On the move again; my next words will probably hail from Vientiane, Luang Prabang or Hanoi.
This will be my first extended encounter with the remnants of the French colonial empire — I’ve always been much more familiar with the doings of the British Empire, and I understand its legacies almost innately: the trauma of disinherited language, the ethnic fractures, the suppressed Left, the twinned dilemmas of modernity and tradition, the inferiority complexes, the ache for history, for origins. But the French colonial empire is more of a mystery to me; Laos, especially, up until my recent resolute attempts to educate myself about it, has been a near-total black hole in my historical understanding. The shame! — I knew only that it was once Red, and that there are a lot of unexploded bombs in it.
So, there’ll be coffee and languor and immersion, of course, but also scrutiny. One of the curious things about independence movements in Southeast Asia is that the nations who were once acolytes of the British Empire — Burma, Malaya — never quite fought for their independence with remotely comparable rage and energy and bloodshed as did their French- or Dutch-owned neighbours. Malaya transitioned into Independence with benign nods from the British Royal Family, and right in the midst of a British-declared Emergency Rule. In Burma, power was transferred, not seized. But in most of the mainland, and across the Dutch-owned archipelago, the people lashed back, and there was war, revolution and bloody independence; Indonesians, especially, seemed incredibly good at roaring in unison, at the Dutch in 1948, and later at Suharto in 1998: Never again. Was it something about the differing natures of imperial rule in these countries? (Perhaps: are there books on this?) Was it something about the differing characters of the people themselves? something peculiarly feisty about the Vietnamese, and peculiarly benign about Malaysians? (Let’s hope not: I hate essentializations).

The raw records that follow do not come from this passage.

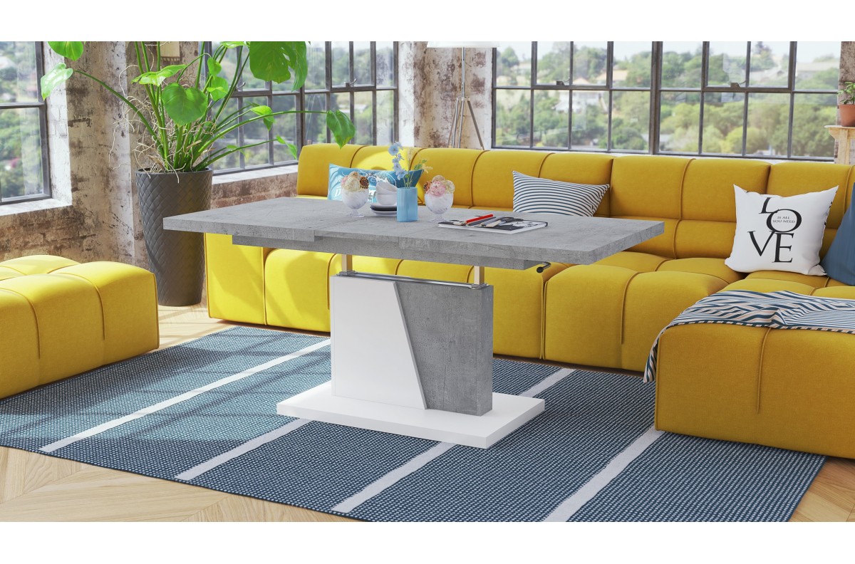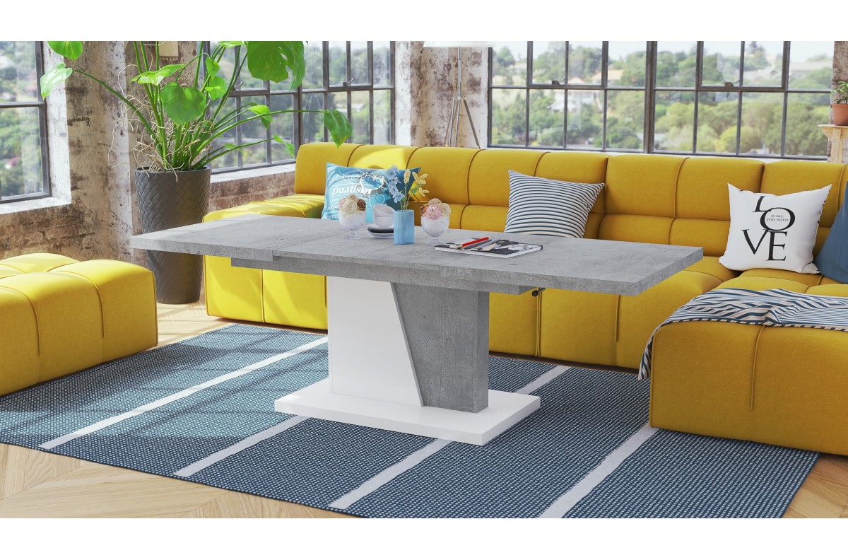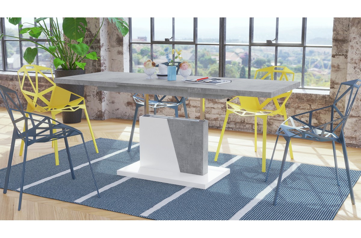 GRAND NOIR Millenium Concrete/White – MODERNUS IŠTRAUKIAMAS PAKELIAMAS STALAS
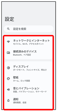 | ネットワークとインターネット | Wi-Fiやモバイルネットワーク、データ使用量など、ネットワークやインターネットに関する設定ができます。 | |
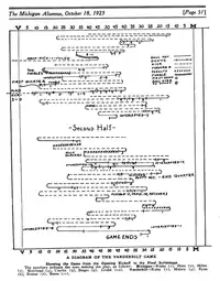 On October 13, 1923, Michigan defeated the Southern Conference co-champion Vanderbilt Commodores, 3–0, at Ferry Field.[10][11] Michigan's victory snapped a 20-game unbeaten streak for Vanderbilt that dated back to November 1920.[12] Vanderbilt was coached by Dan McGugin, who had played for Yost's Michigan teams in 1901 and 1902 and had been an assistant coach for Michigan in 1903. During McGugin's tenure at Vanderbilt, Michigan played nine games against the Commodores from 1905 to 1923, with Michigan winning eight games and playing to a tie in 1922.[13] Vanderbilt returned nine of eleven starters from its 1922 team that held Michigan scoreless in the prior year's game and was regarded as having as strong a team as it had in 1922.[10][14][15]
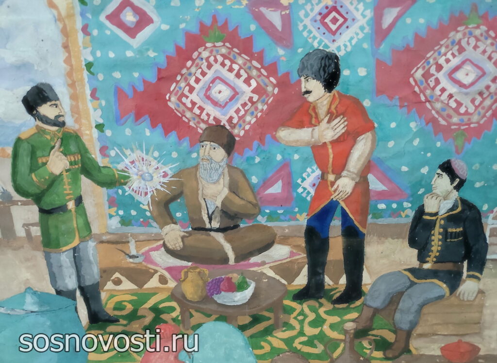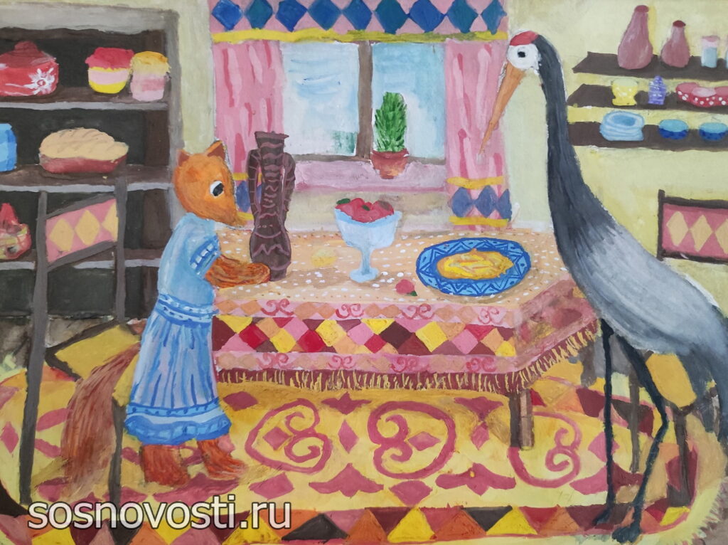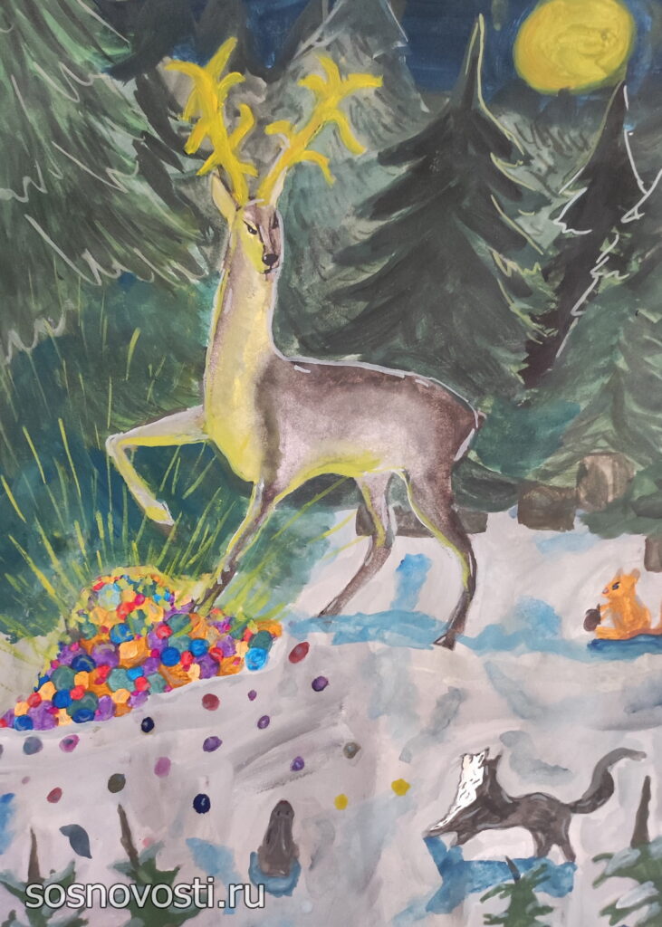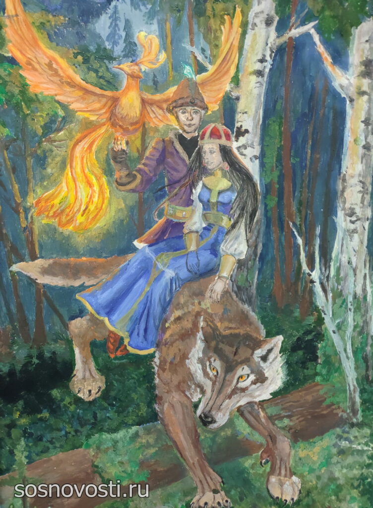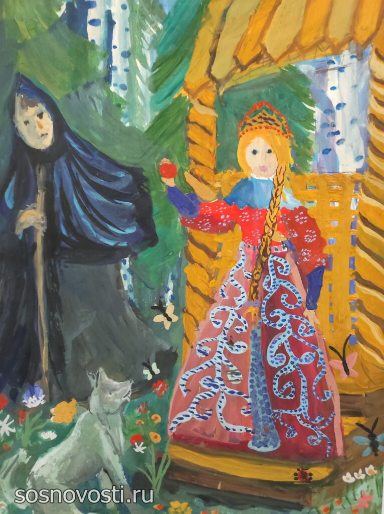В Долгодеревенской школе имени героя России Андрея Мосина открылась выставка картин на тему «Сказки народов России».
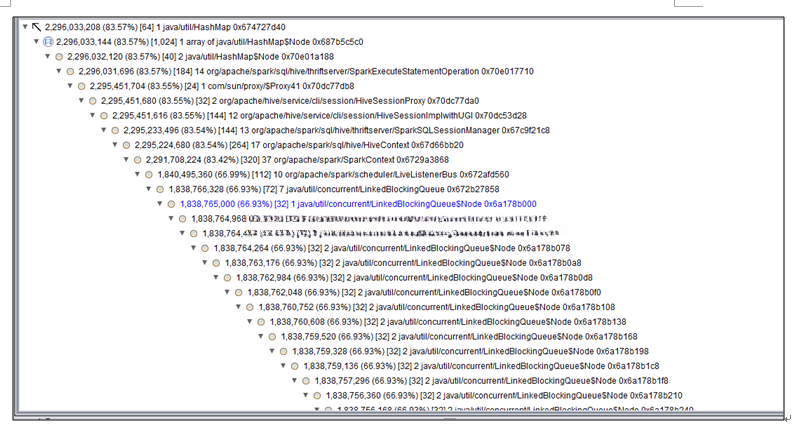 SPARK在短时间内生成了大量的SQL,并且这些SQL中包含了大量的联合和连接操作,在执行过程中将导致大量事件对象被创建,并将使得这里的事件数量激增到10000个以上。
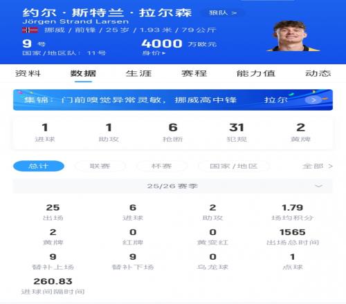 拉尔森现年25岁,去年夏窗以3000万欧永久转会狼队,他本赛季为球队出场25次,贡献6球2助,现身价4000万欧,他与狼队的合同至2030年。
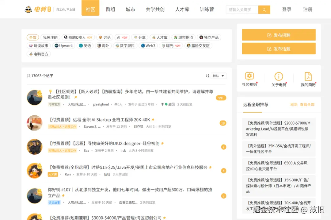 除了大平台,其实国内还有一些小众但很有特色的社区比较适合程序员接单,比如电鸭社区。它主打远程工作和兼职接单,甲方普遍是一些互联网创业团队或个人项目。
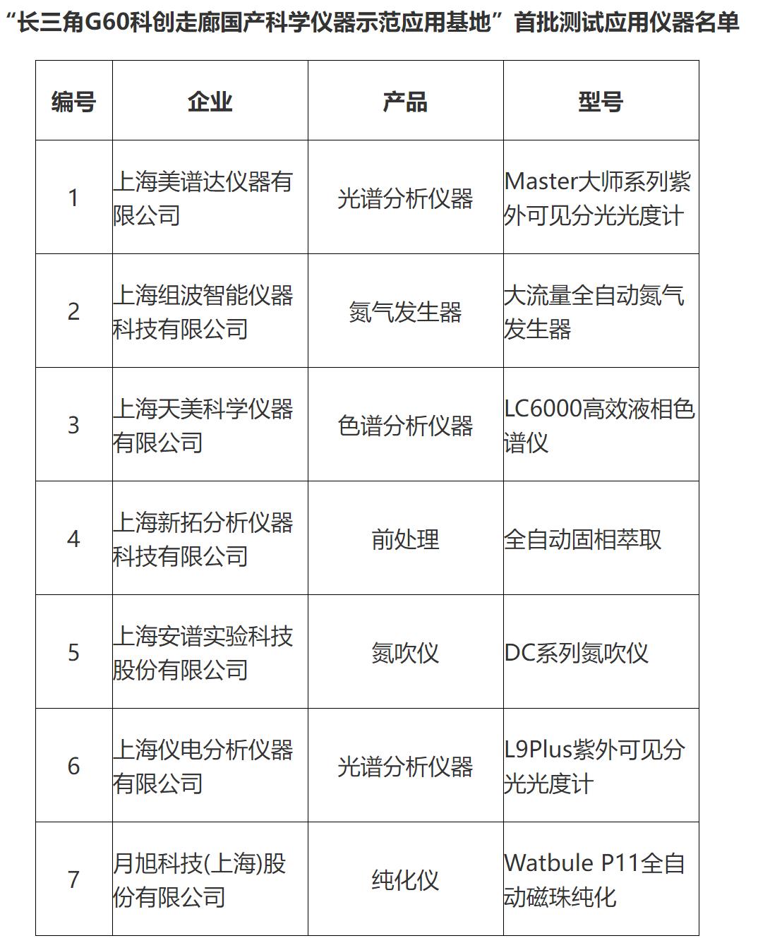 基地揭牌仪式后,活动正式发布了基地首批测试应用仪器名单,上海天美科学仪器有限公司生产的LC6000高效液相色谱仪、上海仪电分析仪器有限公司生产的L9Plus紫外可见分光光度计等7家公司产品入选了首批测试应用仪器。

At any rate, in a few days I’ll be attempting to observe all this firsthand, preferably from some Laotian or Vietnamese sidewalk cafe, drinking thick black coffee and thinking about the oddness of empires: those strange beasts which, for a period in history, managed to make entire peoples beholden to themselves, and furthermore to convince them, for a while anyway, that it was good and right that they were so.